Monday, September 25, 2017

Chamber music festival offers a fine selection

Sticking to the usual format of three simultaneous programs changing on the hour across the day, this year's chamber music festival seemed to offer its enthusiastic patrons some more concentrated options than in previous years.
                                               

Not that all the events had a single focus; you could find quite a few with varied content like soprano Sara Macliver's​ program of songs by four composers, or Anna Goldsworthy's tour from Bach, through Schubert and Prokofiev, to the Rigoletto Paraphrase by Liszt.

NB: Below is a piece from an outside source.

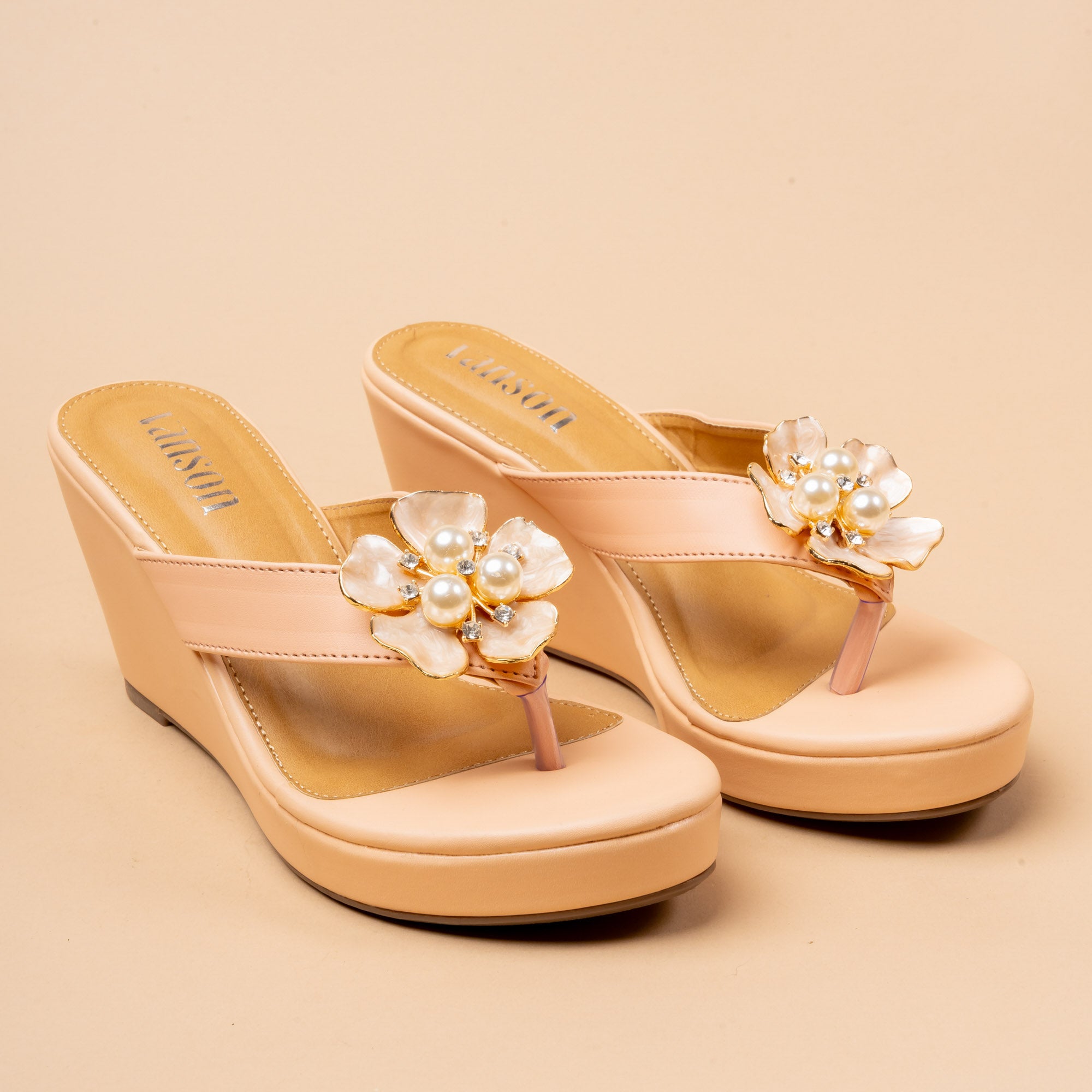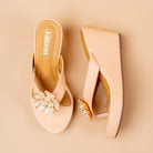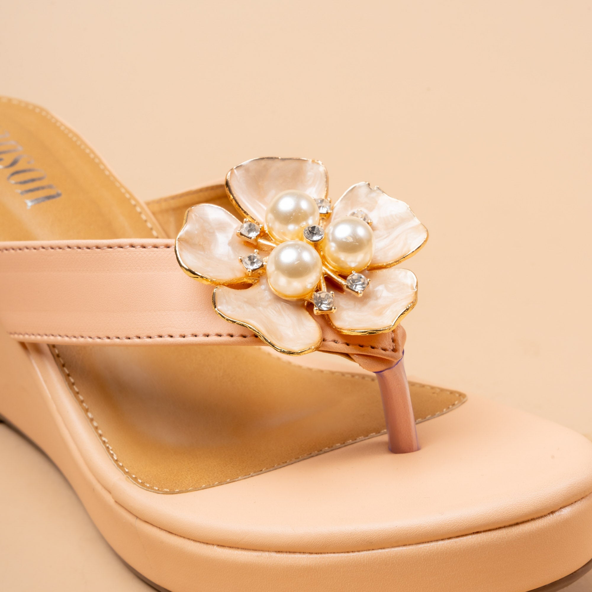 Inspired by the quiet luxury of magnolia flowers, Magnolia is a refined platform wedge that blends softness with structure. Crafted in a creamy ivory tone, the design features a sculptural floral appliqué with delicate pearl accents, creating a subtle statement that feels feminine yet modern.The lightweight platform wedge offers comfortable elevation, making it ideal for long wear — from daytime festivities to intimate celebrations. Clean lines, cushioned soles, and a balanced silhouette ensure Magnolia remains graceful, wearable, and timeless.Perfect for modern Indian wear, brunch looks, festive gatherings, or understated bridal moments, Magnolia embodies Vanson’s signature elegance with a fresh, contemporary soul.

In the Abbotsford Chapel, the Arcadia Winds gave a stellar account of Barber's amiable, polished Summer Music and handled Nielsen's Wind Quintet with sterling security – not least from the unflappable horn of Rachel Shaw. The building's vivid resonance helped the music travel effectively, but much the same could be said of all the festival venues.

Cellist Caleb Wong, one of the festival's Young Performers, infused the long Mural Hall with Bach's E flat Suite, complete with all repeats; and then Kodaly's prolix Suite, which emerged as impassioned, urging almost to becoming strident.

By contrast, in the spacious Rosina Auditorium pianist Stefan Cassomenos​ faced down the multiple problems presented by Beethoven's Seventh Symphony in Liszt's full-blooded transcription: virtuosity riddled with smashing chords, a no-holds-barred exhibition of relentless drive.